Imagine how bad Red Bull would look without Verstappen there. This is a team in crisis that just doesn’t look like it knows what it’s doing anymore.

Liam Lawson loses his drive at Red Bull. Illustration / Paul Slater
Liam Lawson loses his drive at Red Bull. Illustration / Paul Slater

‘Damaging for the team’

Former F1 driver Jolyon Palmer

Hiring Lawson was always going to be a massive punt for Red Bull, which so far hasn’t paid off, and now Tsunoda can see the realities of the situation for himself. But it will surely be just too alluring to move to a team that has taken Verstsappen to four titles. If things go right for you, then you can become a bona fide frontrunner, and you have to believe in yourself as a driver and think you can make the difference.

On the flip side, if Tsunoda jumps in and is no better than Sergio Perez was at the end of last year, it will be not only damaging for him, but even more damaging for the team, who will struggle to collect points, and have difficulty trying to convince anyone else to come and race their car.

It’s a tough decision to make, and it seems Red Bull have backed themselves into a corner. Having overlooked Yuki at the end of last year, I’d be tempted to stick it out with Liam for a little longer and see if he can find his feet, at a circuit he knows well on a conventional weekend for once. If they gamble with Yuki, then it simply has to work.

‘Quite simply extraordinary’

Andrew Benson, BBC

The decision to promote Lawson to Red Bull, alongside Max Verstappen, after just 11 grands prix spread across two seasons was already questionable.

To demote him back to second team Racing Bulls after just two races in a swap with Tsunoda – who was passed over only three months ago – is, quite simply, extraordinary.

It raises serious questions about Red Bull’s management, primarily team principal Horner.

Liam Lawson and Christian Horner. Photo / Getty Images
Liam Lawson and Christian Horner. Photo / Getty Images

‘Would Sainz have made any difference’

Jack Benyon, TheRace.com

Honestly, at this point, does it even matter who Red Bull puts in this car alongside Max Verstappen?

It’s made enough competent drivers look weak, and that’s mainly due to the excessive demands of driving this car which is often unfairly labelled as ‘the way Max likes it’ but even he has repeatedly lambasted it and asked for improvements the team hasn’t been quick enough to react to.

Last year I thought it was absolutely bizarre and a detriment to Red Bull not to put Carlos Sainz in the car. Now I wonder if a seat at Williams – once labelled a big step down for him – was a massive let off for Sainz!

Would Sainz have made any difference to Lawson? Not because he isn’t good enough, but because past achievement in F1 seems to be irrelevant when getting in Red Bull’s roulette wheel of a car.

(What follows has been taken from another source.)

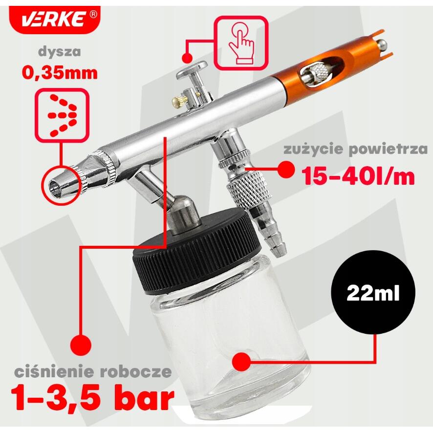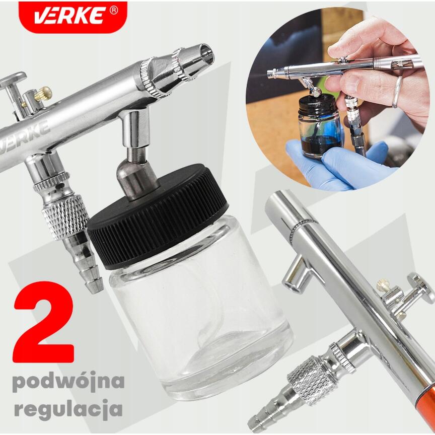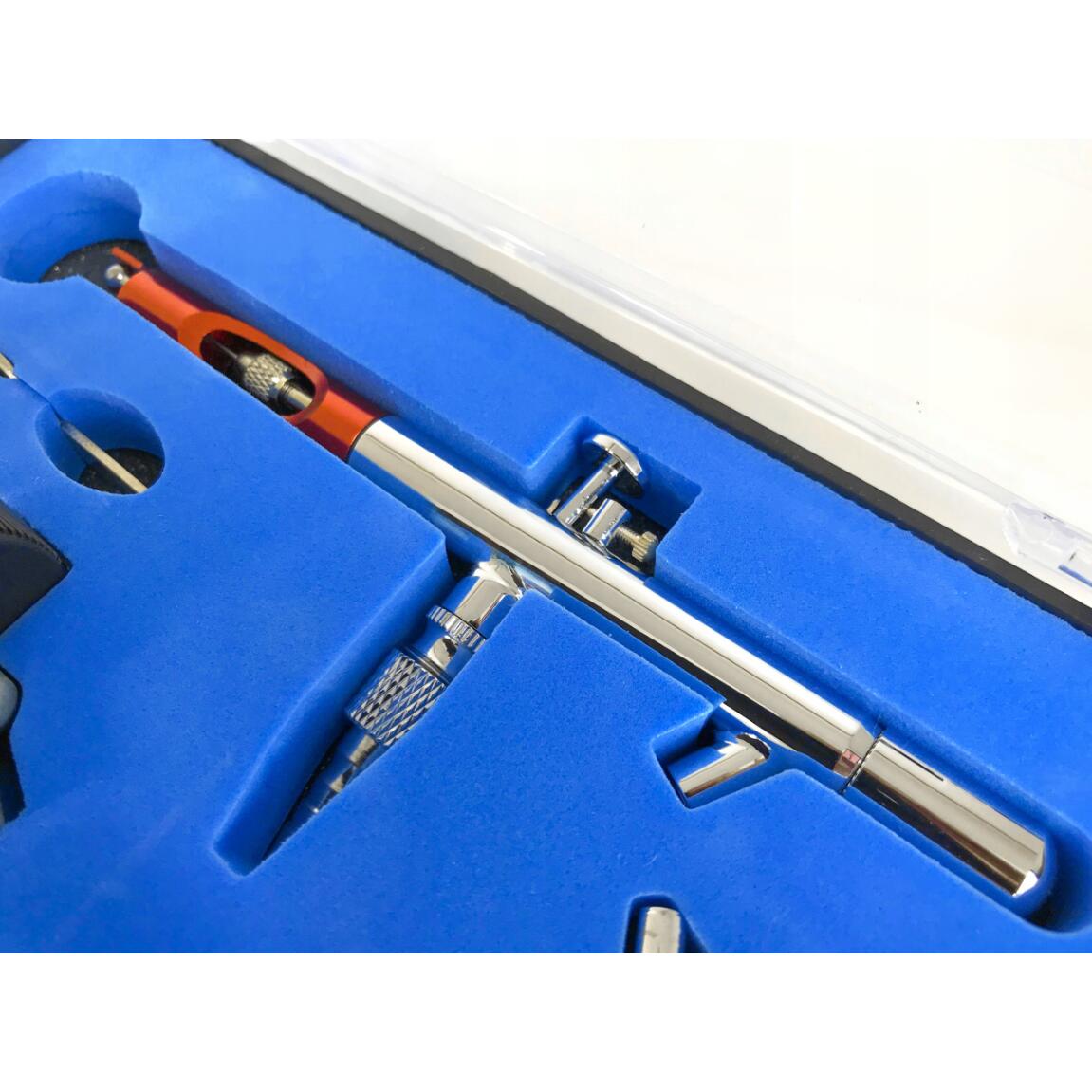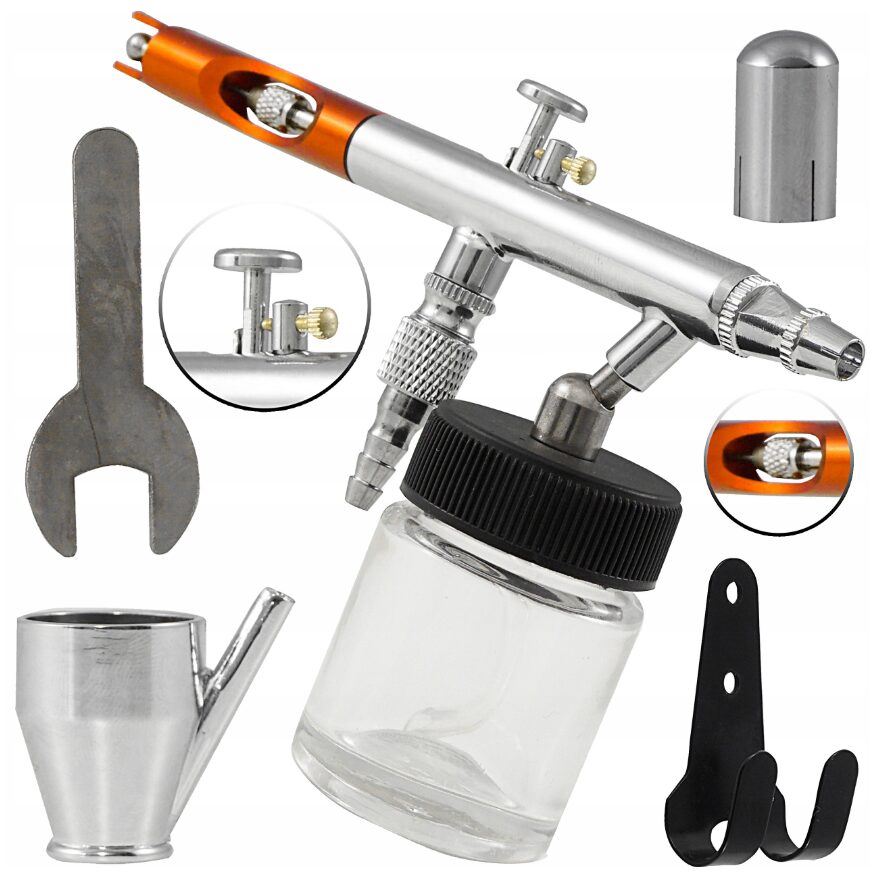Aerograf - un pistol în miniatură pentru pictură precisă. Un mic instrument de mână folosit pentru vopsire prin pulverizarea vopselei printr-un curent de aer. Urma de vopsea se caracterizează printr-o acoperire uniformă cu margini neclare. Puteți picta liber aplicând vopsea direct pe suprafața de acoperit sau folosind șabloane adecvate. Aerograful este folosit pentru vopsirea atât a suprafețelor plane, cât și a obiectelor cu forme complexe. Vă permite să pictați detalii precise. Este folosit în retușuri, conservare, modelare, decorare artizanală a obiectelor mici, dar și ca tehnică artistică (aerografia). Avantaje: precizie foarte mare la aplicarea vopselei, design profesional, duza din otel inoxidabil de calitate superioara asigurand o durata lunga de viata a pistolului, greutate si dimensiuni reduse, reglaj dublu spray, super calitate, din otel rezistent la coroziune.

‘Imagine if he qualifies in front of Max’

Gary Anderson, TheRace.com

I’m not saying [Lawson] is a Max Verstappen beater and in the same car very few are. However, I believe he is a top 10 qualifier and a reasonable points scorer at worst. It’s the team and the car that is destroying him mentally at the moment.

Lay the law down to him and give him a chance, that’s the minimum Red Bull needs to do. However moving him back to Racing Bulls team may just be more egg on the Red Bull management’s face. Just imagine if he qualifies in front of Max at Suzuka.